Un andamento, quello relativo alla siccità in Lombardia – e, più in generale, nei territori di pianura – che riguarda direttamente anche il Trentino, con il quale proprio nelle ultime settimane le autorità regionali lombarde avevano siglato un accordo per l'aumento dei rilasci d'acqua nel lago d'Idro, con lo scopo di aumentare la disponibilità di risorsa idrica per il settore agricolo regionale.

 

“I picchi fino a 200 millimetri di pioggia caduti in una sola giornata sui bacini idrografici – ha spiegato Sertori – hanno consentito un pronto recupero dei livelli dei grandi laghi lombardi, snodo cruciale per la gestione idrica regionale in questa fase conclusiva della stagione irrigua. Per quanto riguarda il lago di Como, il rapido innalzamento dei livelli ha consentito un incremento dei rilasci d'acqua, permettendo di risolvere le criticità riscontrate dagli impianti termoelettrici situati lungo il canale Muzza. Sul Lago Maggiore si registra il recupero più significativo: la quota è risalita da -45 centimetri a -23 centimetri rispetto allo zero idrometrico.
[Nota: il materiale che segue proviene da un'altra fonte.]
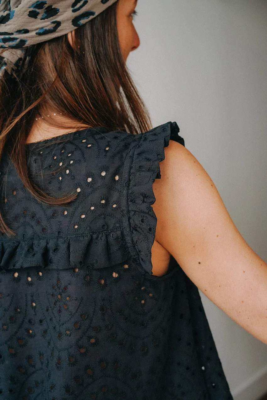 Haut sans manche en broderie anglaise Description : Coupe ajustée en haut, légèrement évasée en bas – Décolleté rond – Epaules volantées – Volant dans le dos Conseil taille : Delphine mesure 1m65 et porte une taille 36 pour son 34 habituel.Il taille légèrement petit. Si vous hésitez entre deux tailles, prenez la plus grande. […]
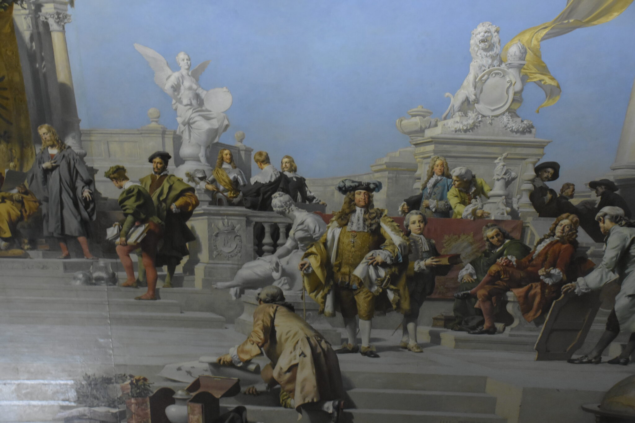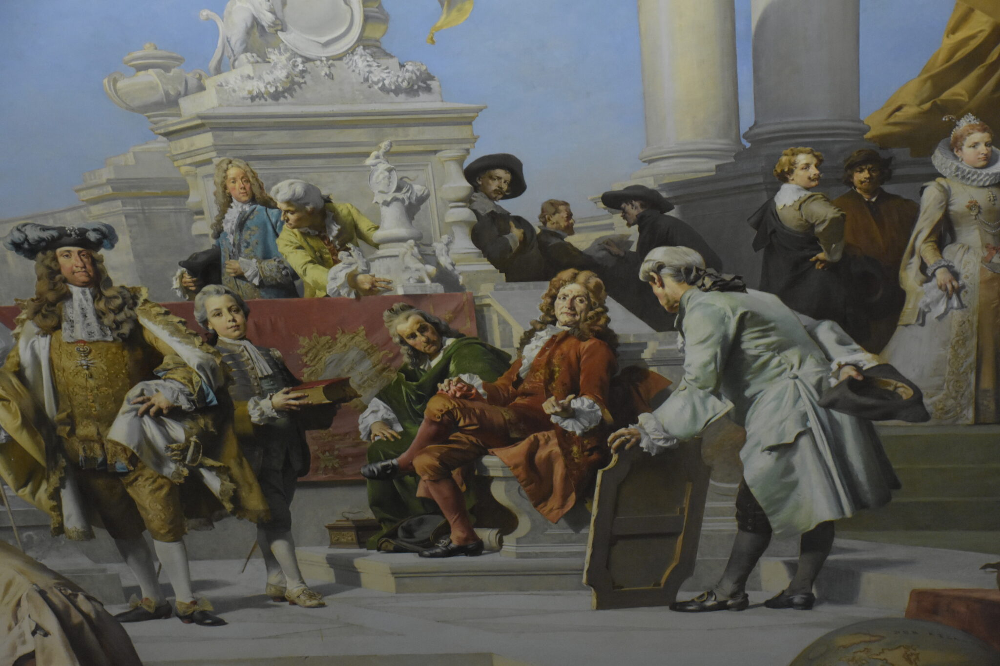 Selbstbewusst tritt uns Karl VI. (34) entgegen, zu dessen Füßen der Erbauer des Stifts Melk, Jakob Prandauer (32) eine Schriftrolle öffnet. Prinz Eugen von Savoyen (35) bewundert das Modell in den Händen Georg Raffael Donners (36). Der Hofantiquar Carl Gustav Heraeus (37) und Johann Bernhard Fischer von Erlach (38), der Architekt der Karlskirche, lassen sich vom Barockmaler Daniel Gran (42) dessen neuestes Werk präsentieren.
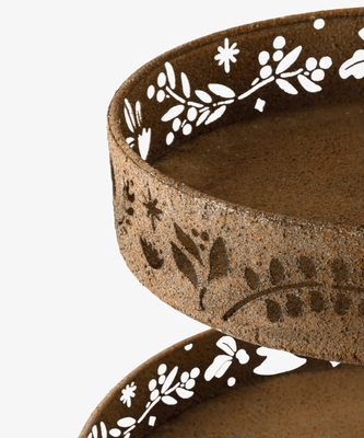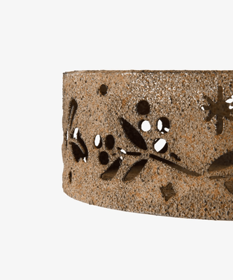 This tiered Yuletide stand in a rust finish can be used for wrapped sweets, gifts and favours for the festive season. Decorated with a festive cut out pattern.
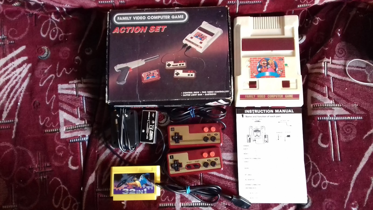 Всем привет. Сегодня я расскажу вам про одно из последних пополнений в своей коллекции ретро-консолей. Приставка называется "Family Video Computer Game Action Set", я приобрёл её весной 2019 года в Санкт-Петербурге за 1000 рублей, причём в практически полном комплекте. Данная приставка была произведена неизвестной компанией скорее всего в Китае. Продавалась она на территории разных стран, её следы встречаются в Аргентине, Испании и Греции. Продавалась ли она на постсоветском пространстве – доподлинно не известно. Человек, у которого я её приобрел, рассказал мне, что её привезли ему по военной линии из Германии в самом начале 90-х. Тогда он получил целую партию таких приставок в размере около 100 штук, и все они были с дефектом – не работал звук. Он лично ремонтировал эти консоли, затем они отправлялись на перепродажу, причём некоторые образцы кустарным способом переделывались в SECAM для использования с цветными советскими телевизорами. История звучит правдоподобно, учитывая то, что ч
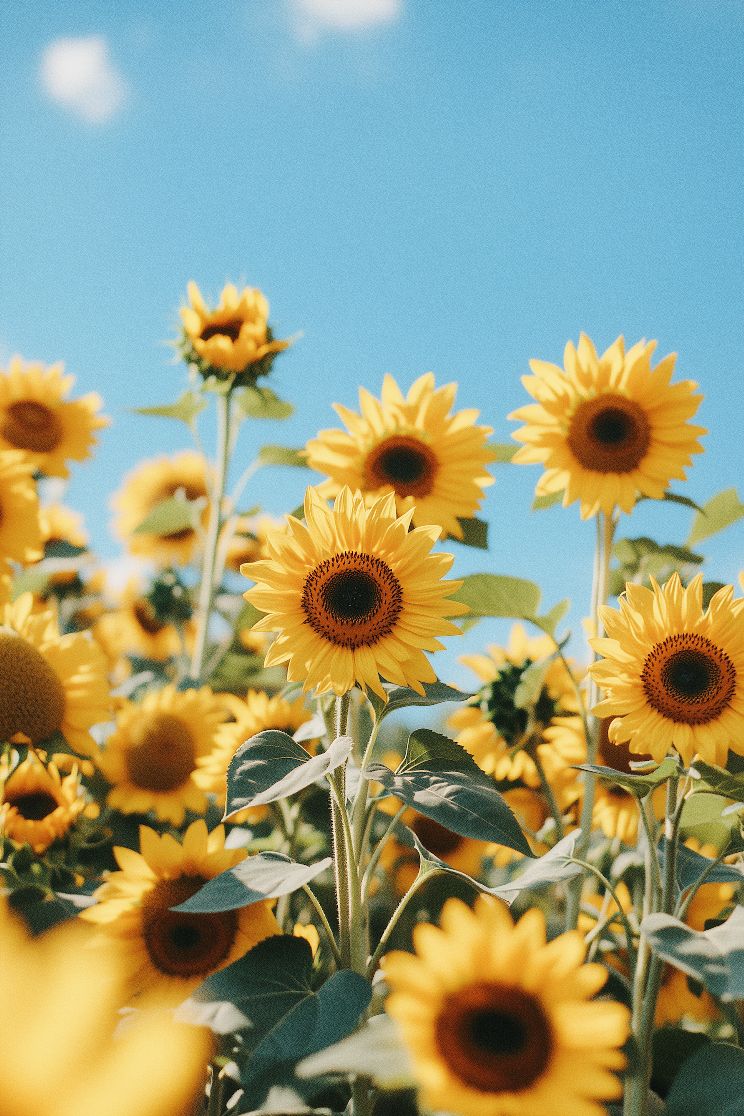 Bright sunflowers in full bloom under a clear blue sky, creating a cheerful and vibrant summer scene.

Tale incremento permette un aumento delle erogazioni di 20 metri cubi al secondo, portando la portata complessiva in uscita a 83 metri cubi al secondo”.

 

L'aumento dei rilasci sul bacino del Ticino, ha aggiunto l'assessore: “Garantisce risorse fondamentali per l'agricoltura e in particolare per il comparso risicolo della Lomellina, del Basso Milanese e del Pavese, assicurando una conclusione regolare della stagione d'irrigazione”. La portata dell'Adda è infine aumentata a 400 metri cubi al secondo: “Acqua che confluirà nel fiume Po, andando ad alleviare la forte situazione di criticità che ha interessato il fiume nei giorni scorsi”.